Not the parent, but anecdotally, Vagrant + Parallels runs MUCH faster on my 15" MacBook Pro than Vagrant + VirtualBox. VM startup time is shorter, and CPU usage seems to be lighter. For instance, I worked on a project where I had a long-running process that would do a lot of file I/O and periodically collect the results and run some calculations. On VirtualBox, this basically pegged a CPU core while it was running, but when I switched to Parallels, CPU usage hovered around 5%. (I'm guessing this particular example is more to do with VirtualBox's dog-slow shared folders, but still relevant, I think.)


Vbox shared folders don't support POSIX permissions (so you can't chmod/chown in the /Vagrant mount)

Vbox (or the Vagrant use of it) is hard coded to use a NAT as the default interface

The common "Vagrant synced folders are slow" relates exclusively to Virtualbox shared folders.


Also a recommendation here against Hyper V.


Can you elaborate?


Well one of the killers I found very recently was if you open the console of the VM before it has booted it sets the caps lock on which instantly shafts entry of the grub commmand line so initial configuration of that is pissing in the dark because you can’t observe it without affecting it.

Then there’s the periodic refusal to talk on the network even if the virtual switches are configured properly.

Then the inexplicable “slow boot from hell” which happens randomly where it’ll just hang starting up the kernel at 0% CPU for up to 8 minutes.

This is with CentOS 7 on a gen2 machine.


At least for me, using Hyper-V is problematic because I can't also run VMware Workstation at the same time. I have to boot into different configurations to run them side-by-side. My macOS experience is that running both on your machine is straightforward.


But how did hyperv perform when you did run it? Did you use it with Vagrant or just on it's own?


I did that a few years ago, and I found that VMware support lagged VBox. There were some plugins that looked like they might help, but I could never get them to work.


Could you elaborate on what features the VMware provider didn't support?


at least in the US, anything work-related that you pay for out of pocket is tax-deductible if your employer doesn't reimburse you or you're self-employed.


Doesn't make a lick of difference if you lack enough itemized deductions, otherwise you take the standard deduction like everybody else.

Honestly though, VMWare is pretty cheap. VMWare Workstation Player and VMWare Fusion aren't cheap upfront, but the upgrade pricing to stay current is decent - I spend more on my JetBrains licenses every year. It's worth it to have a fast and mostly headache-free virtualization experience.


I find that Vagrant works relatively similarly between Mac and Linux to the point where "it just works", but Windows is a whole different ballgame with shared directories and symlinks. On the current software that I'm working on for example, the first step of the onboarding process for new developers using Windows, is to install Linux, which seems pretty insane for something that lives inside of a VM!


What I do on some projects (not using vagrant) is install samba on the dev VM so that it can be mounted from a Windows workstation. Obviously much simpler and easier to do if you're developing on Linux (nfs / sshfs).
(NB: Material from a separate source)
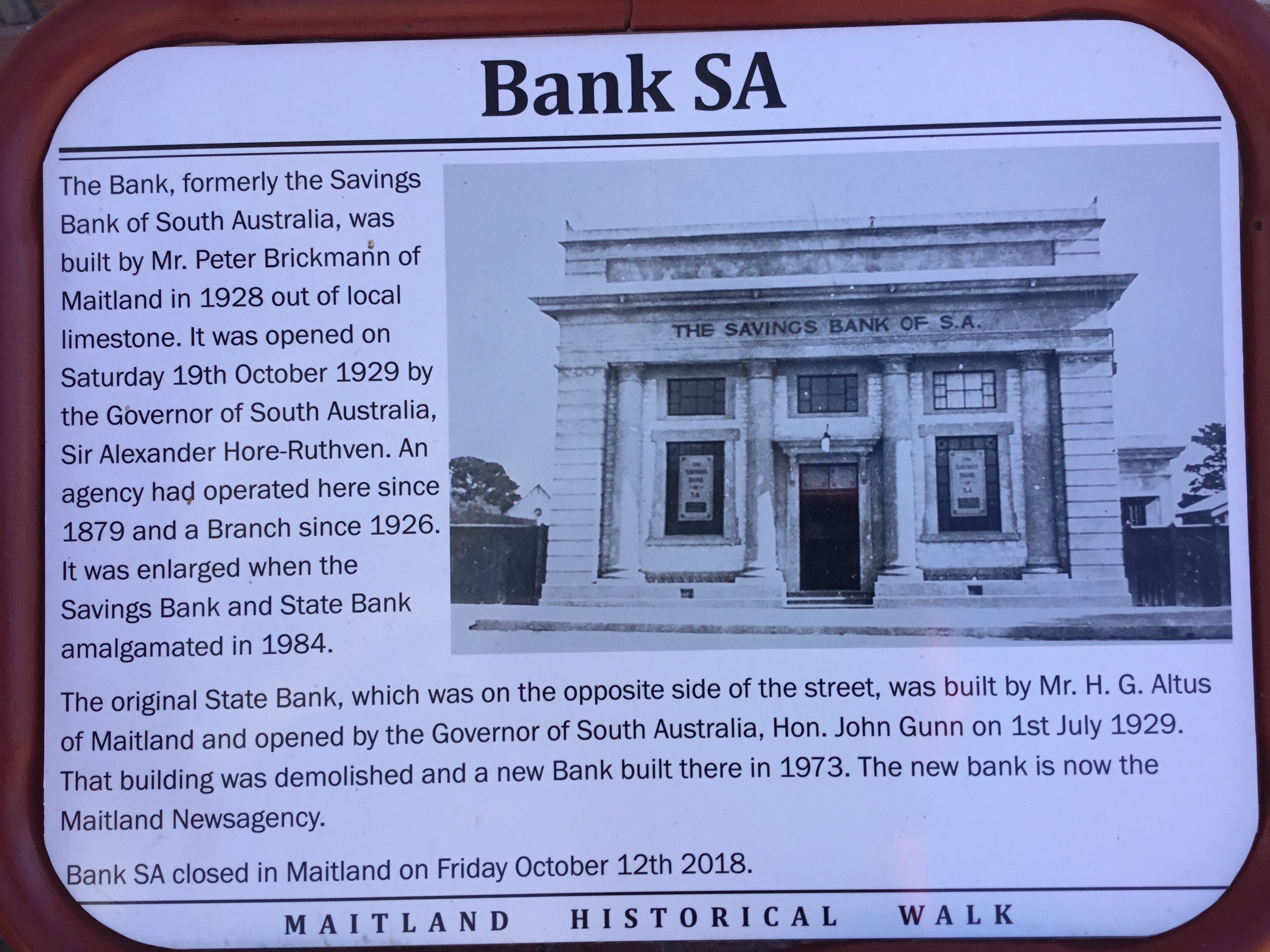BANKSA The former “BankSA” previously the “State Bank of Maitland” has a long serving tradition, providing service to Maitland since 1879.The former “BankSA” used to occupy the former Savings Bank building which was constructed in 1928 with local limestone by Maitland’s, Peter Brickmann. It was enlarged to accommodate the merged bank staff following the 1984 […]

You can just use NFS instead of Virtualbox's integrated folder sharing, it pretty much completely resolves the performance issues.


Resilio Sync? (Formerly BitTorrent Sync)


Check out Syncthing. It's way better and open source.
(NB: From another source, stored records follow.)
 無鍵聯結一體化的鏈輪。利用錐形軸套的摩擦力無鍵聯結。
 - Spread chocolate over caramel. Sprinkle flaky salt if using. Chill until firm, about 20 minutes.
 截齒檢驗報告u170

Thanks for the tip. Trying out Syncthing and I love it. It's made for me.


Are you talking about symlinks on synced folders? I absolutely love synced folders, but the whole idea is fundamentally incompatible with symlinks. Think about the VM actually interpreting the link and resolving the path against its own filesystem. Just doesn't make sense. If you want that, share the directory on the host and mount it in your VM so it's your host resolving the link.

My experience with Vagrant is that it's amazing, but I've only used it for a web application with Github and Jenkins for CI. Dev team doesn't have to spend a second thinking outside the git repo.